Stefani Reynolds | Reuters
Chances are high, the Fed will move markets this week, no matter how hard it tries not to.
With rising interest rates and the rising economy, the Fed’s easy policies are in the spotlight and more and more people are wondering when to consider unleashing them. Fed Chairman Jerome Powell is likely to be asked questions about the Fed’s low interest rate and asset purchase policies during his press conference, following the two-day meeting of the Fed. Fed concluding Wednesday.
Powell is not specific, but what he says could affect the already volatile bond market and that, in turn, could boost stocks. It could especially affect growth stocks if bond yields start to rise.
“I think the last press conference, I think I looked at it with one eye and I listened with one ear. To this I’m going to tune in to every word, and the markets will be in tune to every word.” said Rick Rieder, CIO of BlackRock for global fixed income. “If he says nothing, he’ll move markets. If he says a lot, he’ll move markets.”
Rieder said the briefing should be “exciting to watch” and a challenge for the Fed to begin changing communications about its policy.
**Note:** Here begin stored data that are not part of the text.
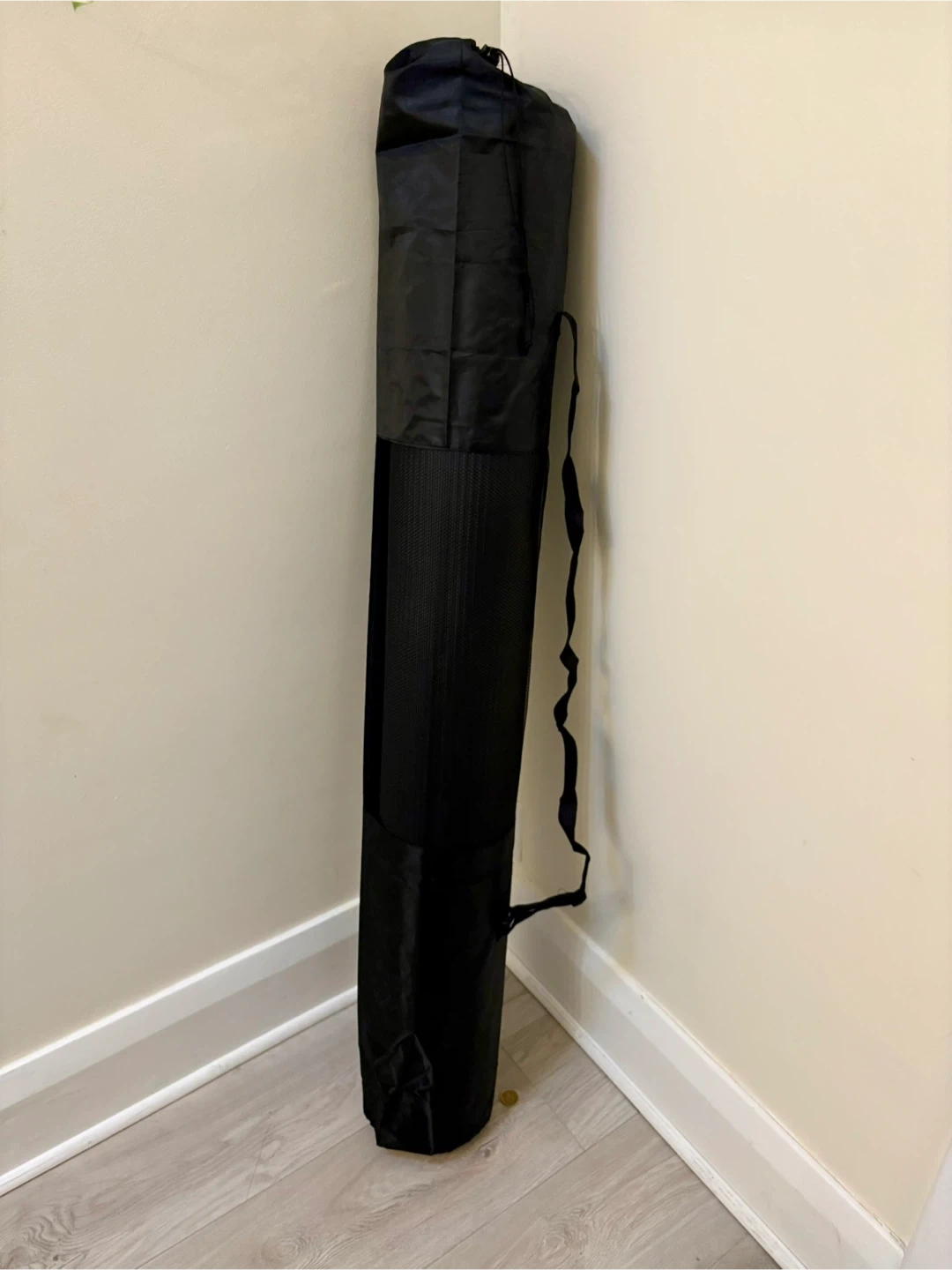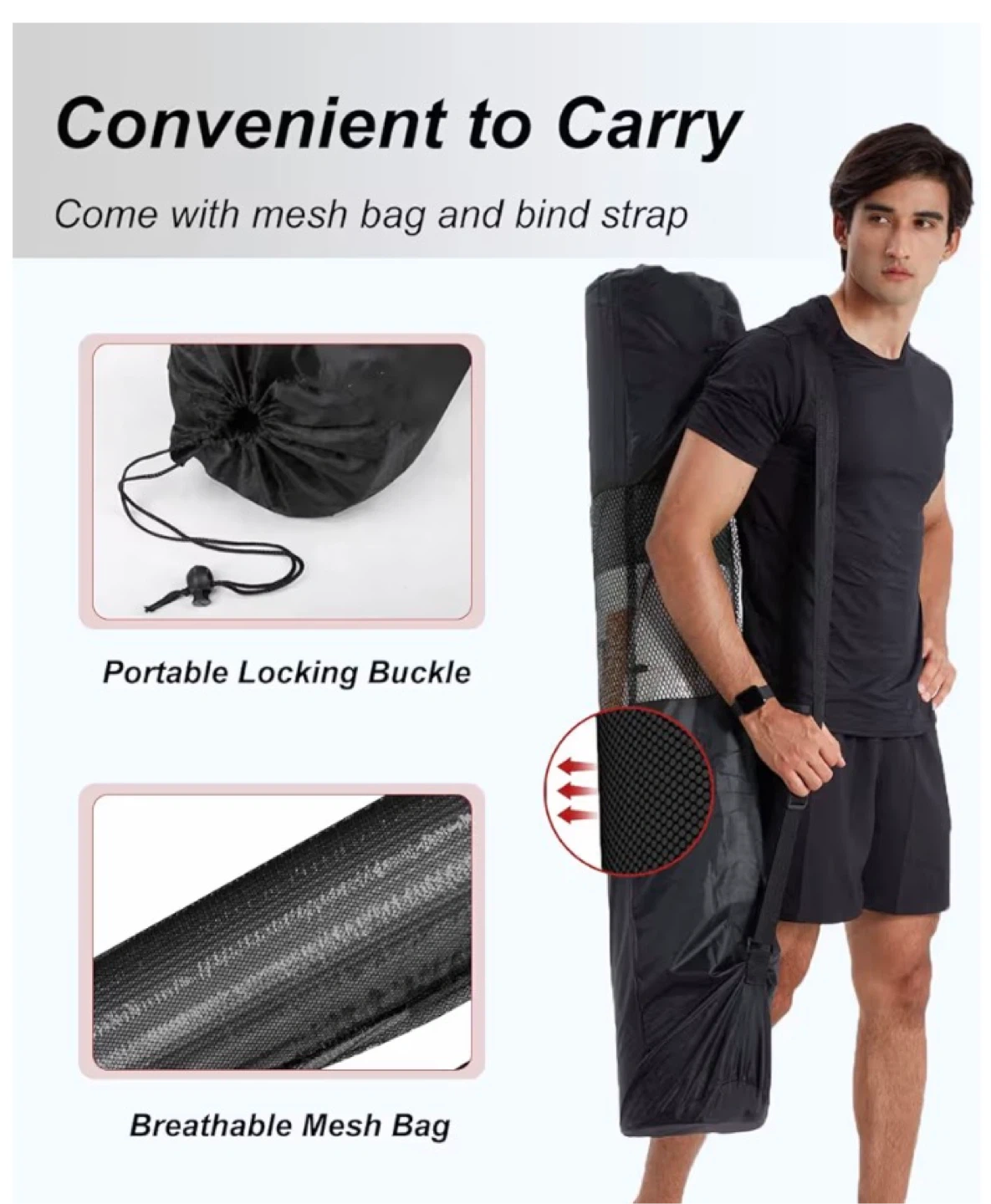 The mat includes a carrying bag for easy transport. It's large enough for yoga, pilates, or fitness workouts.
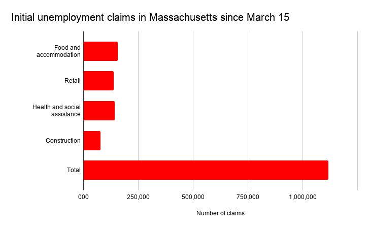 Having so many Massachusetts residents out of work may soon have health consequences, as well. The advocacy group Families USA estimates 8% of Massachusetts adults now lack health care because they’ve lost their jobs. The rate in 2018 was 4%, according to the group. According to the U.S. Census, the rate was 2.8%, easily the best in the country.
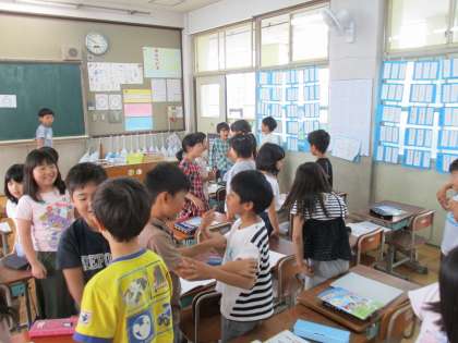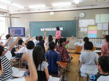 外国語活動では,授業の中で表情やジェスチャーも意識しています。友だちとのコミュニケーションも大切に活動しています。
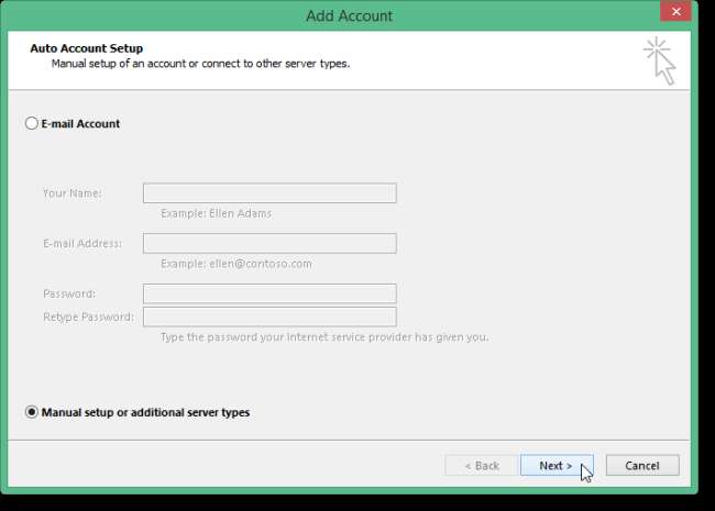 यदि स्वचालित प्रक्रिया विफल हो जाती है, तो ई-मेल खाते के बजाय मैन्युअल सेटअप या अतिरिक्त सर्वर प्रकारों का चयन करें, और अगला क्लिक करें।

He said investors will analyze every word. “This will be the March madness,” for the markets, he said, referring to the highly anticipated collegiate basketball tournament.
Powell clearly has the ball and what he decides to say Wednesday will dictate to nervous markets how long the Fed could consider amortizing bond purchases and even raising interest rates from zero.
Statement to stay almost the same
The Federal Open Markets Committee will release its statement at 2 p.m., Wednesday, following the meeting, and Fed observers expect few changes to the text.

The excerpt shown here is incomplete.